With the growing number of patients possibly eligible for thrombectomy, the need for patient triage has surged, and there is still a need for alternative triage methods, as current imaging methods do not always provide the information needed or they may not be available in hospitals outside of comprehensive stroke centers.
To this end, several studies have looked at CTA-based deep learning methods in ischemic stroke detection with promising results4–7 and our previous study suggested that a convolutional neural network (CNN) model could be useful in determining eligibility for thrombolytic therapy. 5 However, CNN performance in final infarct estimation might vary depending on treatment selection and could be different in patients receiving thrombolytic therapy versus patients treated with EVT.

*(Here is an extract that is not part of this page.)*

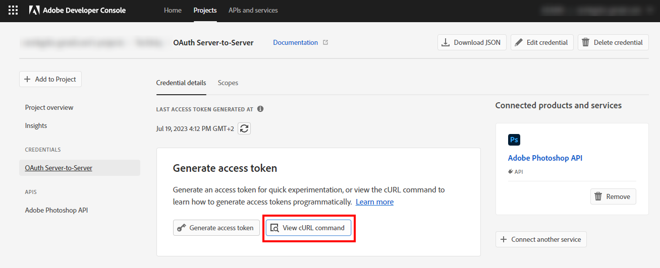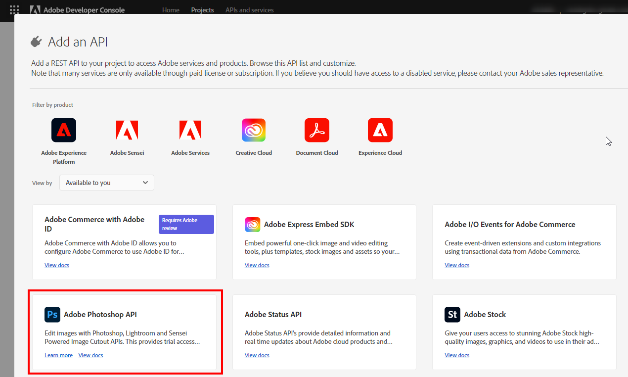 Click on the Add to Project button and select Adobe Photoshop API.

In this study, we set out to investigate whether our CTA-based CNN model can predict the final infarct volume in patients with acute ischemic stroke (AIS) treated successfully with mechanical thrombectomy. The premise was that with successful recanalization, the baseline infarct core determined by the CNN should roughly match the final infarct volume on follow-up imaging. CNN performance was analyzed for patients presenting either in the early (0–6 h) or late (6–24 h) time window and compared to a commercially available CTP-based software (RAPID, iSchemaView) to investigate the ability of this method in predicting final infarct volume.
Materials and methods
The data that support the findings of this study are available from the corresponding author upon reasonable request. Helsinki University Hospital ethics committee approved this retrospective study and patients’ informed consent was waived.
Study population
We retrospectively studied the clinical and imaging findings of consecutive stroke suspected cases that presented to Helsinki University Hospital between February 2018 and March 2020. The total number of thrombectomies performed in our institution during this time period was 505. Inclusion criteria for this study were: (1) stroke code activated, (2) admission stroke protocol imaging performed using fast CTA acquisition protocol and CTP, (3) anterior circulation LVO at CTA (CCA, ICA, MCA M1, MCA M2), (4) successful EVT, defined as Thrombolysis in cerebral infarction score 2b or 3 and (5) a follow-up NCCT or an MRI study with DWI performed no later than 5 days after the onset of symptoms. Patients with hemorrhagic transformation of infarct resulting in parenchymal hematoma with mass effect were excluded. This exclusion was done so that the hematomas and related edema would not produce errors in infarct volume measurements. Patient characteristics are presented in Table 1.
Table 1.
No. of patients | 89 |
---|---|
Age, mean (SD, range) | 67 (13.3, 28-92) |
Female, n (%) | 46 (52) |
NIHSS, median (IQR) a | 12 (7–17) |
Time from symptom onset to CT imaging (min), median (IQR) b | 121 (71–228) |
Time from symptom onset to recanalization (min), median (IQR)2 | 215 (169–348) |
Most proximal target occlusion location, n (%) | |
CCA | 1 (<1) |
Proximal ICA | 3 (3) |
Distal ICA | 10 (11) |
MCA M1 | 54 (61) |
MCA M2 | 21 (24) |
Intravenous thrombolysis, n (%) | 40 (45) |
aNIHSS was reported for 86 patients.
bExact time from symptom onset was unknown in 32 patients.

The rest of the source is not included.